They don’t even need lead. They can convert paper to gold:
“Beware: “Allocated” Gold May Not Really Be There
“In 2007, Morgan Stanley paid out $4.4 million to settle a class-action lawsuit by its clients after Morgan Stanley charged them to buy and “store” precious metals for them, but neither bought or stored the metals. (Similarly, a 2011 class-action lawsuit filed in federal court in New York accused UBS Financial Services of misleading silver investors and charging them storage fees for metal that was never actually purchased, segregated, and stored for them.)
“Avery Goodman points out that Morgan Stanley has once again just launched a similar scam, offering “allocated” metals, but gaming the definition so that the holdings are not really allocated.

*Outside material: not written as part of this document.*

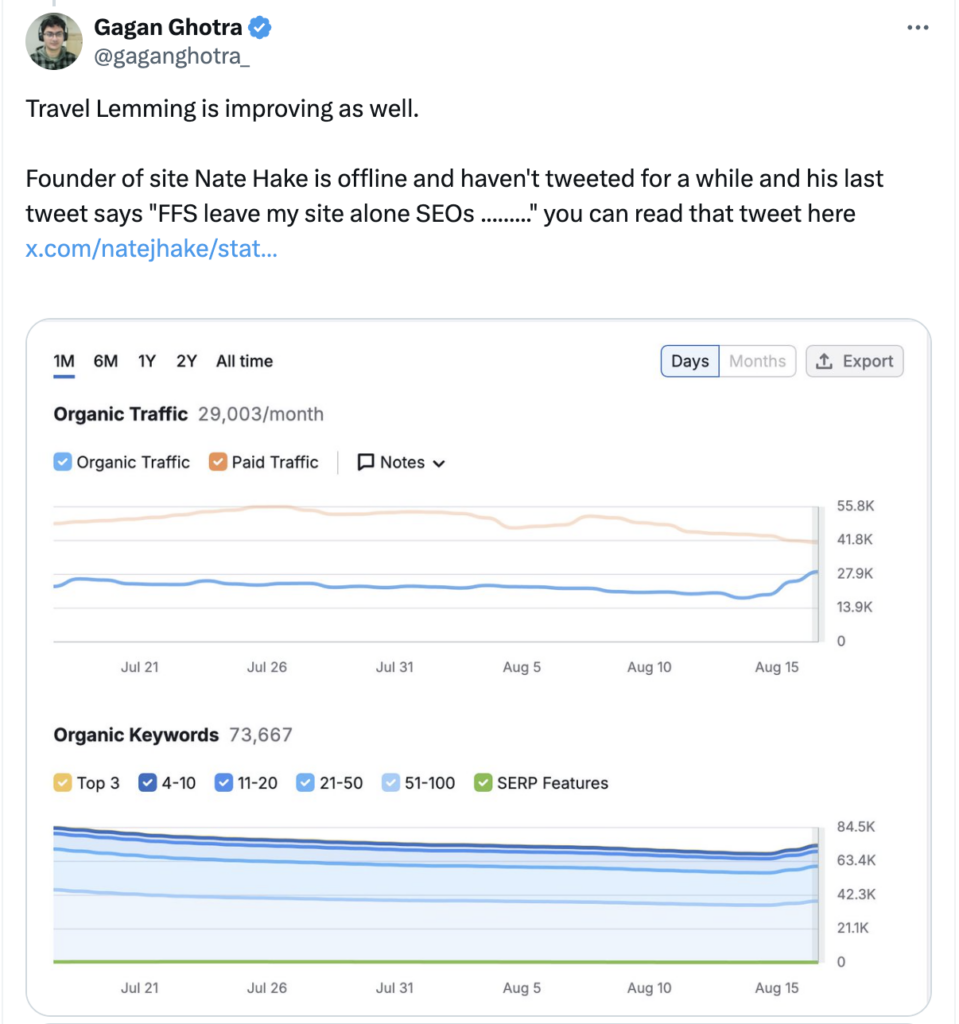 Another one is Travel Lemmings – as the name itself suggests this site publish content about travelling and was affected by HCU and then was impacted by recent March Core Update as well.

“On May 21st, Matterhorn Asset Management’s Egon von Greyerz alleged that Swiss banks are trading physical gold bullion which is being held in special “allocated” accounts for its customers:
We are stressing to investors to take their gold out of the banking system, not only because there are runs on banks that will continue, but the risk of being in the banking system is major. So you should take the additional step of not just owning physical gold, but also owning it outside of the banking system. …
The same thing is happening with silver, and in the commodities exchanges as well. That’s why obama has added the exchanges to the list of “too big to fail” institutions.